Burst failure mechanism of roadway anchorage bearing structure under dynamic load disturbance

  • 摘要: 冲击地压是威胁我国煤矿安全高效开采的主要矿井灾害之一。作为冲击地压的最后一道防线,预紧力锚杆支护系统与其作用范围内围岩共同形成的锚固承载结构决定了巷道围岩的整体稳定性。为研究冲击地压巷道锚固承载结构冲击破坏力学机制和能量机制,以发生过冲击破坏的回采巷道为地质原型,建立了动静载联合作用下巷道锚固围岩数值模型,采用FLAC3D内置动力模块模拟分析了动静载联合作用下巷道锚固承载结构动载响应特征及冲击破坏过程;根据锚固承载结构的受力状态、强度特征、能量特征以及冲击破坏演化过程,提出了巷道锚固承载结构冲击破坏准则;基于弹性波动力学、弹塑性岩石力学,建立了动载和静载荷联合作用下巷道锚固承载结构稳定性力学和能量模型,得到了动载扰动冲击地压巷道锚固承载结构破坏的力学判据和能量判据。
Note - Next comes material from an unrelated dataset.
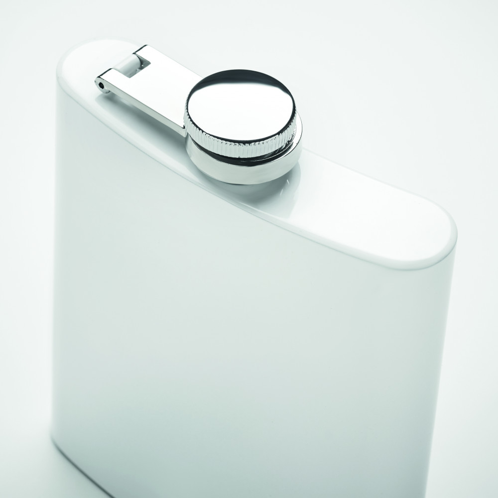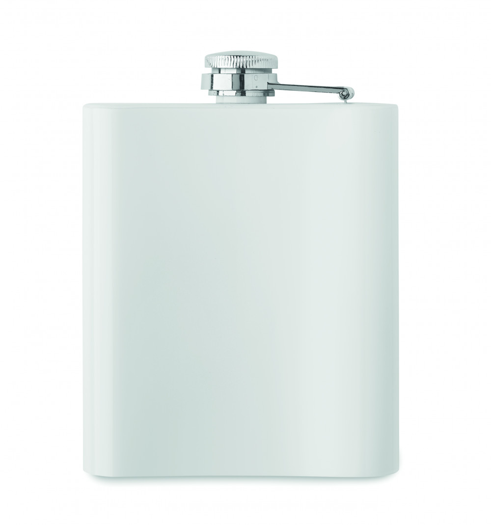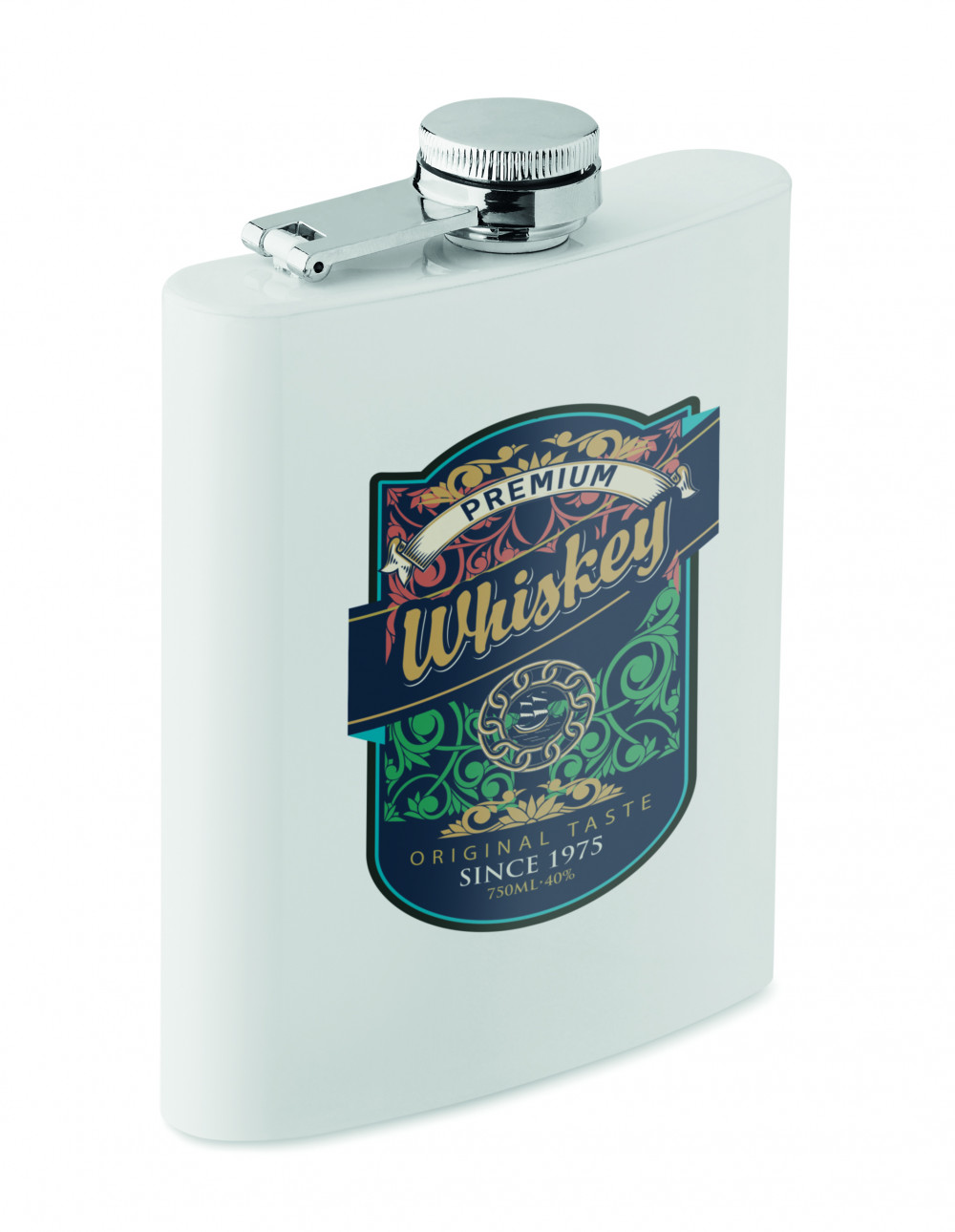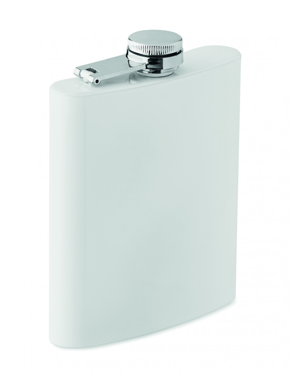 Szimplafalú laposüveg újrahasznosított rozsdamentes acélból (90% újrahasznosított rozsdamentes acél, 10% rozsdamentes acél), szublimációs nyomtatást lehetővé tévő bevonattal. Űrtartalom: 180 ml.

研究结果表明:动载扰动下巷道锚固承载结构冲击破坏演化过程为:动载扰动→浅部围岩损伤变形破坏→锚固系统失效→锚固承载结构失去对深部围岩控制→围岩损伤破坏范围骤增→深部围岩能量瞬时释放→锚固承载结构冲击破坏;动载扰动冲击地压巷道锚固承载结构冲击破坏必须满足应力和能量的双重“超载”条件,必要条件是:动载和巷道围岩静载叠加强度大于锚固承载结构的承载能力,即应力“超载”;充分条件是:动载余能和巷道围岩释放的弹性能量大于锚固承载结构冲击破坏耗能,且有盈余能量并可转化为冲击动能,即能量“超载”;从力学角度分析,锚固承载结构稳定性与锚固围岩体参数、支护强度、所受静载大小和动载荷特征(震源强度、震源距离、衰减系数)相关;从能量角度分析,锚固承载结构动态稳定性主要与动载能量、动载距离和能量衰减系数、主应力量值、锚固承载结构强度、锚杆(索)动载强度和延展性相关。最后通过冲击实例验证了力学判据和能量判据的正确性。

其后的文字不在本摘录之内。